American college football season

The 1954 Washington State Cougars football team was an American football team that represented Washington State College during the 1954 college football season. Led by third-year head coach Al Kircher, the team was 4–6 overall and 3–4 in the Pacific Coast Conference. Three home games were played on campus in Pullman at Rogers Field, with one in Spokane in late September.

The Cougars defeated rival Washington for the second straight year, but were shut out at home by neighbor Idaho in the Battle of the Palouse, which was the Vandals' first win in the series in 29 years.

The Washington rivalry game (now the Apple Cup) was held in Pullman for the first time since 1948 and was the last until 1982; all three were Cougar victories.
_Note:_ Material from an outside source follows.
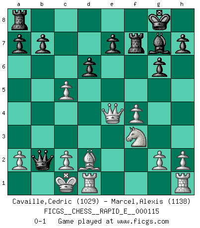 Last move : 0-1 2013 October 14 14:35:34 [Event "FICGS__CHESS__RAPID_E__000115"] [Site "FICGS"] [Date "2013.10.13"] [Round "1"] [White "Cavaille,Cedric"] [Black "Marcel,Alexis"] [Result "0-1"] [WhiteElo "1029"] [BlackElo "1138"] 1.d4 f5 2.f4 Nf6 3.Nc3 g6 4.e3 Bg7 5.Bd2 O-O 6.Qe2 d6 7.O-O-O Nbd7 8.e4 fxe4 9.Nxe4 Nxe4 10.Qxe4 Nf6 11.Qe1 Bg4 12.Be2 Bxe2 13.Qxe2 Nd5 14.Qe6+ Rf7 15.Qxd5 c6 16.Qe4 Qb6 17.Nf3 c5 18.dxc5 Qxb2+ 0-1 Dutch Kingside Castling by player Black (move 5) Queenside Castling by player White (move 7) Player Black won this chess game. Follow this game move after move (download)The passion for playing Chess is one of the most unaccountable in the world. (H.G. Wells) Sie bekommen vielleicht den Eindruck, dass die Spitzenspieler überhaupt gar nicht so stark sind. Aber das stimmt nicht. Es ist eine Illusion. Mit einem Computer an der Seite ist es sehr leicht, Urteile zu fällen, aber wenn man alleine am Brett sitzt, sieht die Sache ganz anders aus. (Vladimir Kramnik) Bobby Fischer es el mas grande genio de Ajedrez de todos los tiempos. (Alexander Kotov) Je ne suis pas le dernier à jouer lâchement des coups douteux pendant le zeïtnot de l'adversaire pour l'achever: en effet les coups qui font le plus peur sont ceux que l'on ne comprend pas. Je me fais souvent peur quand je joue. (Un professeur anonyme) There are lots of people who mistake their imagination for their memory. (Josh Bilings)

Of the fifteen games played in Spokane from 1950 through 1980, Washington State won only three (1958, 1968, 1972), while winning five times in Seattle.

==Schedule==

| Date | Opponent | Site | Result | Attendance | Source |
| September 17 | at No. 17 USC | Los Angeles Memorial Coliseum; Los Angeles, CA; | L 0–39 | 37,645 |  |
| September 25 | Pacific (CA)* | Memorial Stadium; Spokane, WA; | W 18–0 | 12,000 |  |
| October 2 | at No. 12 Texas* | Memorial Stadium; Austin, TX; | L 14–40 | 27,000 |  |
| October 9 | Oregon State | Rogers Field; Pullman, WA; | W 34–6 | 15,000 |  |
| October 16 | at California | California Memorial Stadium; Berkeley, CA; | L 7–17 | 27,000 |  |
| October 23 | Idaho | Rogers Field; Pullman, WA (Battle of the Palouse); | L 0–10 | 17,000 |  |
| October 30 | at Stanford | Stanford Stadium; Stanford, CA; | W 30–26 | 13,000 |  |
| November 6 | at Michigan State* | Macklin Stadium; East Lansing, MI; | L 6–54 | 45,849 |  |
| November 13 | at Oregon | Hayward Field; Eugene, OR; | L 14–26 | 16,500 |  |
| November 20 | Washington | Rogers Field; Pullman, WA (rivalry); | W 26–7 | 18,000 |  |
*Non-conference game; Homecoming; Rankings from AP Poll released prior to the game; Source: ;

==NFL draft==
Four Cougars were selected in the 1955 NFL draft, which was 30 rounds and 360 selections.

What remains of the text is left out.